WHAT YOU ARE ASKED TO DO: A picture-free, exact transcript of the entries below is required.

RECORDS PROVIDED:
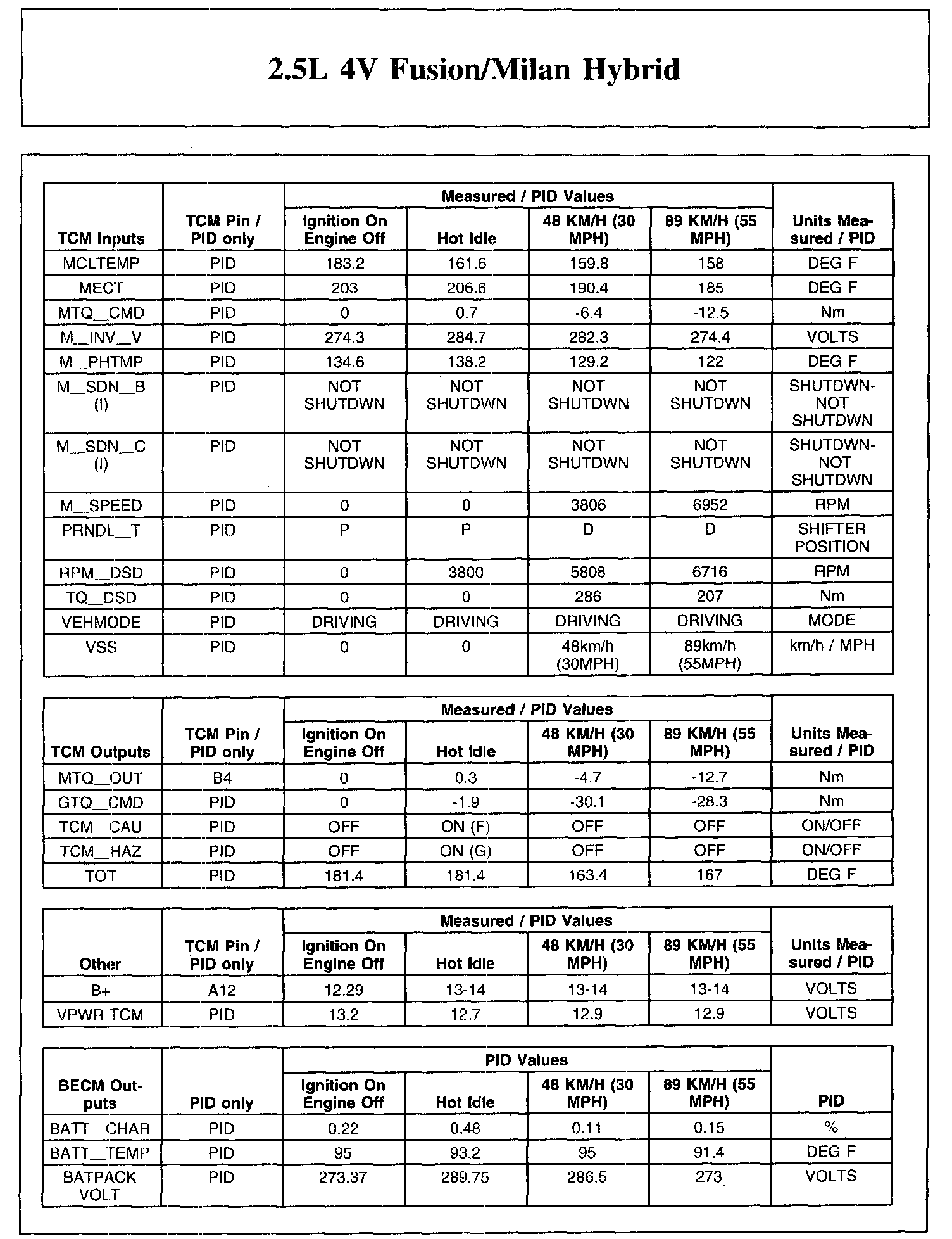 The Typical Diagnostic Reference Value Charts do not display fault parameter identifications (PIDs). These are PIDs which indicate a hard fault with the circuit. They display a value of YES or NO and are PIDs ending with an F.
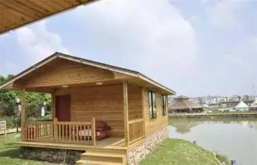 小而精致的木屋,蓝天白云下傍着水,给游客一种新鲜、别样的感受。
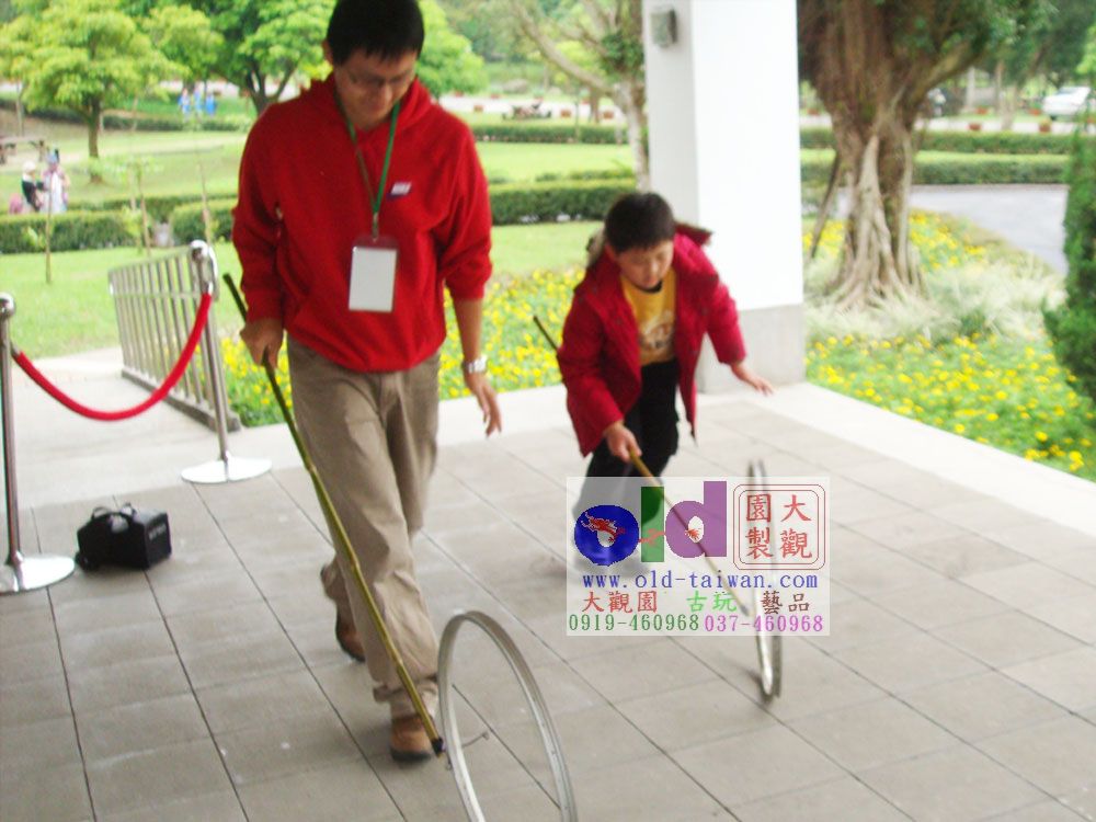 的人手持鐵絲,一邊推滾輪圈一邊跟著跑,此玩法直到現在仍然沒有改變。
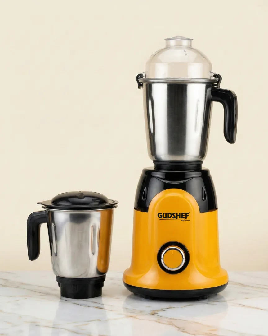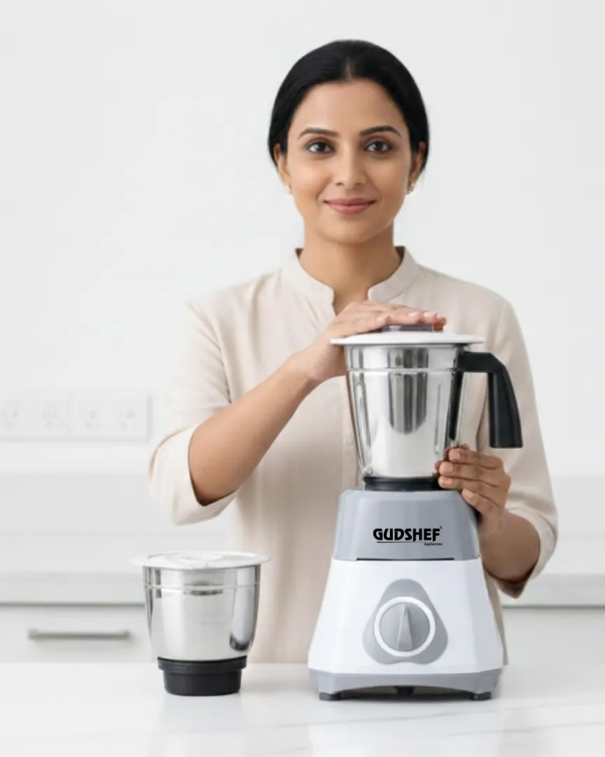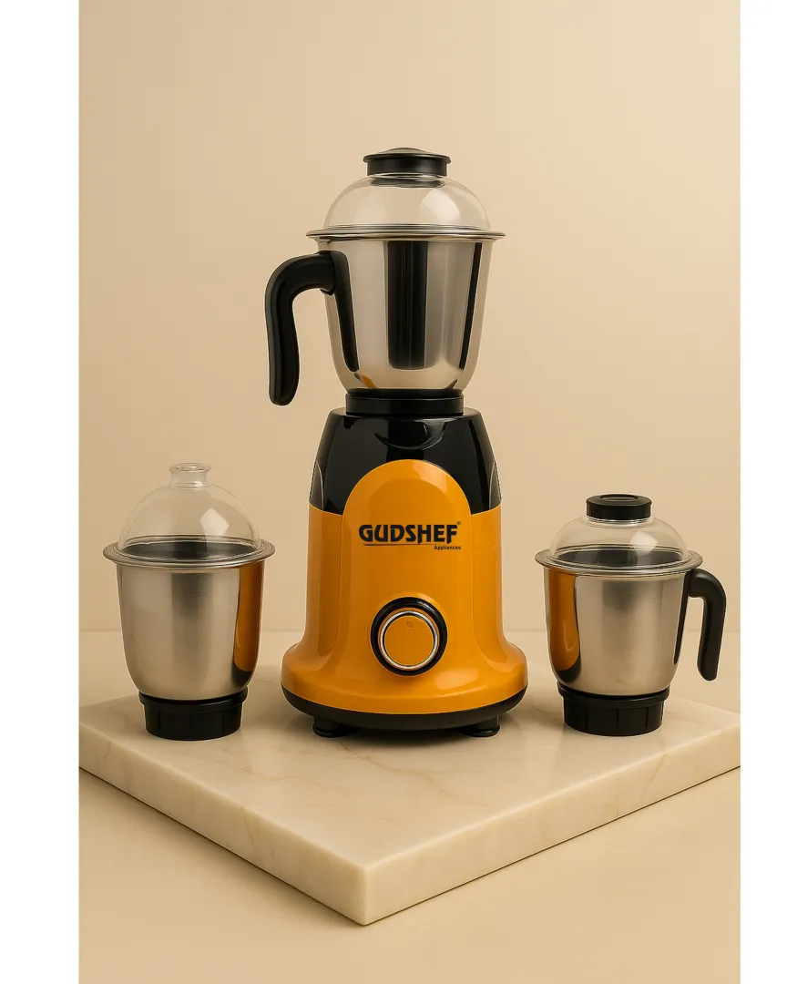 The GUDSHEF Magic 3-Jar Mixer Grinder (600W) is designed to handle everyday kitchen tasks with ease and efficiency. Powered by a 600-watt motor, it delivers reliable performance for grinding, blending, and mixing daily ingredients. The three multi-purpose jars are ideal for wet grinding, dry grinding, and chutney preparation. Built with durable materials and sharp stainless-steel blades, this mixer grinder ensures smooth results and long-lasting performance. Backed by a 2-year warranty, the GUDSHEF Magic mixer grinder is a practical and dependable choice for modern kitchens.
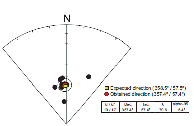 An archaeomagnetic study was carried out in order to assess the suitability of these limestones to record the Earth’s magnetic field (EMF) direction under similar burning conditions (1 hour and maximum temperatures of ~ 450ºC). This information combined with rock-magnetic and Raman spectroscopy data is very useful to obtain a pattern potentially applicable to the archaeological limestones in upcoming campaings. As the EMF direction for the time and place of burning is known (Dec: 358.5º/Inc.: 57.5º; according to the International Geomagnetic Reference Field, IGRF-11), it is worth studying how efficiently these limestones recorded it as well as if they generated distinctive properties with respect to their unburnt counterparts.
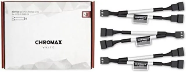 The NA-SYC1 chromax white is a fan accessory set consisting of three NA-YC1 y-cables that make it possible to run two 4-pin PWM fans on a single fan header and to let the motherboard control the speed of both fans simultaneously. Multiple NA-YC1s can be daisy-chained to control more than two PWM fans via one header. The NA-YC1as 4-pin connectors are compatible with both 3-pin and 4-pin PWM fans but PWM control is only supported with 4-pin fans. Thanks to the black sleeving the cables are ideal for creating PC builds with neat focused aesthetics and are a perfect match for Noctuaas chromax edition fans.
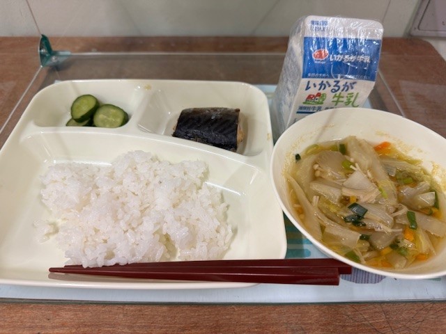 今日の給食は「さばのみそ煮、五目汁、きゅうりの甘酢づけ、ごはん、牛乳」です。
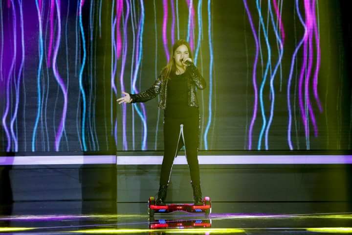 Dunja na scenu stupa vozeći hoverbord, na kome je tokom trajanja većeg dela pesme. Pri kraju Dunja skokm silazi sa hoverbord-a i završava pesmu. Scena je na probi bila u ljubičasto-žutim nijansama. Vokalno Dunja je zaista zvučala odlično.
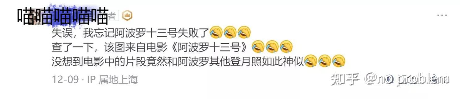 顺便给大家展示下某些回答里之前用的照片:结果被网友提醒阿波罗13登月失败后之后急急忙忙换了幅电影照片,号称放的是剧照,没想到早已经被网友截图了,这两个照片中的登月舱长得也明显不一样啊?
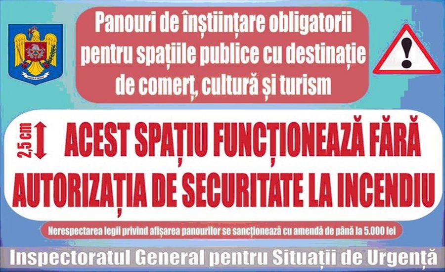 „Acest spațiu funcționează fără autorizația de securitate la incendiu” – acesta este textul care trebuie să fie înscris pe panouri cu litere de tipar de minimum 2,5 cm, de culoare roșie pe fundal alb.
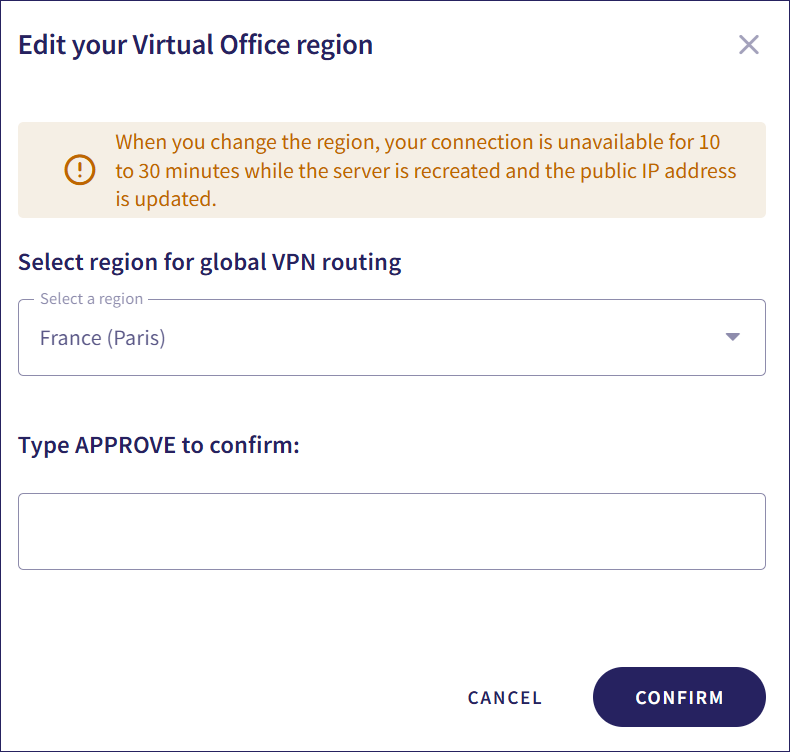 When you change the region, your connection is unavailable for 10 to 30 minutes while the server is recreated and the public IP address is updated.
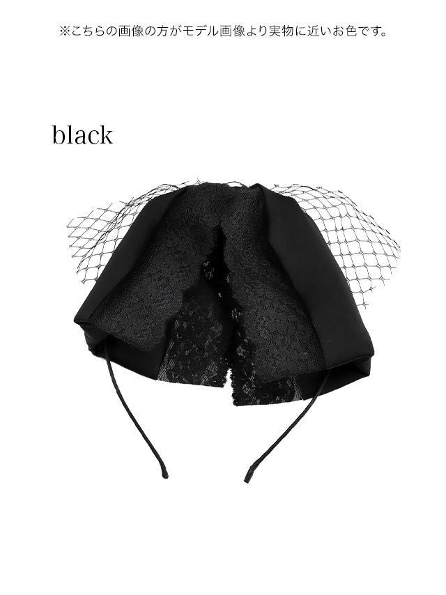 ビジュー付きあみレースビッグリボンカチューシャバースデーヘアバースデーアクセサリー

SOLUTION TO THIS TASK:
 The Typical Diagnostic Reference Value Charts do not display fault parameter identifications (PIDs). These are PIDs which indicate a hard fault with the circuit. They display a value of YES or NO and are PIDs ending with an F.
 小而精致的木屋,蓝天白云下傍着水,给游客一种新鲜、别样的感受。
 的人手持鐵絲,一邊推滾輪圈一邊跟著跑,此玩法直到現在仍然沒有改變。
 The GUDSHEF Magic 3-Jar Mixer Grinder (600W) is designed to handle everyday kitchen tasks with ease and efficiency. Powered by a 600-watt motor, it delivers reliable performance for grinding, blending, and mixing daily ingredients. The three multi-purpose jars are ideal for wet grinding, dry grinding, and chutney preparation. Built with durable materials and sharp stainless-steel blades, this mixer grinder ensures smooth results and long-lasting performance. Backed by a 2-year warranty, the GUDSHEF Magic mixer grinder is a practical and dependable choice for modern kitchens.
 An archaeomagnetic study was carried out in order to assess the suitability of these limestones to record the Earth’s magnetic field (EMF) direction under similar burning conditions (1 hour and maximum temperatures of ~ 450ºC). This information combined with rock-magnetic and Raman spectroscopy data is very useful to obtain a pattern potentially applicable to the archaeological limestones in upcoming campaings. As the EMF direction for the time and place of burning is known (Dec: 358.5º/Inc.: 57.5º; according to the International Geomagnetic Reference Field, IGRF-11), it is worth studying how efficiently these limestones recorded it as well as if they generated distinctive properties with respect to their unburnt counterparts.
 The NA-SYC1 chromax white is a fan accessory set consisting of three NA-YC1 y-cables that make it possible to run two 4-pin PWM fans on a single fan header and to let the motherboard control the speed of both fans simultaneously. Multiple NA-YC1s can be daisy-chained to control more than two PWM fans via one header. The NA-YC1as 4-pin connectors are compatible with both 3-pin and 4-pin PWM fans but PWM control is only supported with 4-pin fans. Thanks to the black sleeving the cables are ideal for creating PC builds with neat focused aesthetics and are a perfect match for Noctuaas chromax edition fans.
 今日の給食は「さばのみそ煮、五目汁、きゅうりの甘酢づけ、ごはん、牛乳」です。
 Dunja na scenu stupa vozeći hoverbord, na kome je tokom trajanja većeg dela pesme. Pri kraju Dunja skokm silazi sa hoverbord-a i završava pesmu. Scena je na probi bila u ljubičasto-žutim nijansama. Vokalno Dunja je zaista zvučala odlično.
 顺便给大家展示下某些回答里之前用的照片:结果被网友提醒阿波罗13登月失败后之后急急忙忙换了幅电影照片,号称放的是剧照,没想到早已经被网友截图了,这两个照片中的登月舱长得也明显不一样啊?
 „Acest spațiu funcționează fără autorizația de securitate la incendiu” – acesta este textul care trebuie să fie înscris pe panouri cu litere de tipar de minimum 2,5 cm, de culoare roșie pe fundal alb.
 When you change the region, your connection is unavailable for 10 to 30 minutes while the server is recreated and the public IP address is updated.
 ビジュー付きあみレースビッグリボンカチューシャバースデーヘアバースデーアクセサリー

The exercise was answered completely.